Estava certíssima. Esperaria séculos para vê-la, se preciso fosse. Minha vozinha, querida.
Alguns poucos minutos se passaram até eu ouvir a chave girando na fechadura e, vagarosamente, a porta de abrir:

– Tcharam! Gostou?
– Ai, meu Deus do céu! Você está tão... tão... tão limpo!
– ...

Como assim “tão limpo”, minha Vó?! Como assim?!



Texto revisado por Paula Berbert

7 Response to "KURT COBAIN x JIMI HENDRIX"

  1. Alexandre Beanes Says:

    1. Nunca achei grunge grande coisa. In Utero, do Nirvana, talvez seja o que disco que mais gosto. A expressão "estranho" serve para os dois: o disco e o fato de eu gostar dele.
    2. Irmão Carlos inventou o "LOGO!", Roberta perde a patente.
    3. Cabelo grande era massa, curti o meu por longos 13 anos, mas a liberdade do cabelo curto é muito melhor. Talvez eu só esteja ficando velho.
    4. A sua cara de pelotense não deve ter mudado muito.
    5. Hoje gosto muito de Pearl Jam.
    6. O texto ficou mais direto, sem tanto rodeios, e eu que sempre elogiei os milhares de links, gostei bastante dele assim. Parabéns, meu caro amigo.










    P.S.: você tem cara de pelotense, mas é meu amigo...hahahahaha

  2. Paula Says:

    Eu consigo visualizar tudo (mérito de sua escrita deliciosa).

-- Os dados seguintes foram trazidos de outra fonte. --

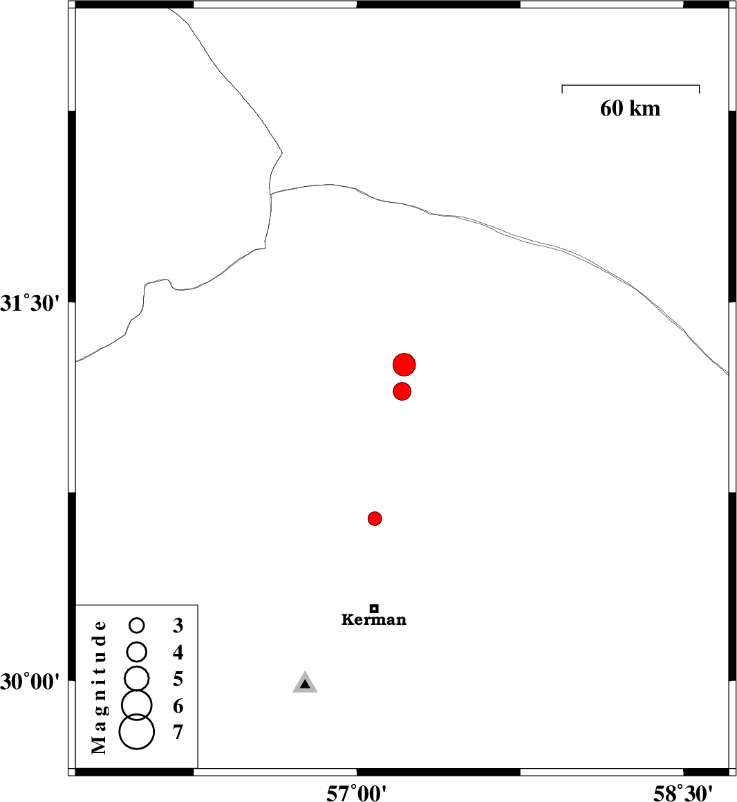 | 2021/06/02 | 08:50:00.9 | 13:20:00.9 | 31.149 | 57.207 | 15 | ML:3.7 | Kerman Province, 40 km South-East of Ravar | ||
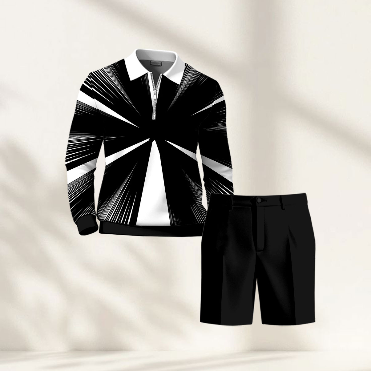 Men's Casual Black & White Color Matching Printed Zipper Long Sleeved Polo Shirt & Five-Point Pants Two-Piece Set

Rio de você como rio de mim - são tão engraçadas essas convicções adolescentes!
    Suas madeixas eram lindas, mas nada se compara, como tanto digo, ao Lubisco de 34 anos.

    E sim: importante a colocação de Buja - Roberta perde a patente do "LOGO!". E será que ela viu você chamar o Aerosmith de xurumela?

  3. Unknown Says:

    Rabisco, seu contato com o grunge é mais uma coisa comum a nós, só que de um tempo em que não nos conhecíamos. Também prefiro Alice in Chains e (do pouco que conheço) Soundgarden. O Nirvana tem uma coisa ou outra marcante, e só. Os shows das duas bandas no Hollywood Rock (1993, acho) também me marcaram uma grande diferença: um deprimido e drogado Kurt Cobain fazendo m... no palco -- nunca o vi cuspir e se masturbar no palco fora do "3º mundo" -- , e um também deprimido e drogado Layne Staley, junto aos ótimos músicos da banda (AIC), tendo o profissionalismo de oferecer um excelente show ao público que pagou ingresso.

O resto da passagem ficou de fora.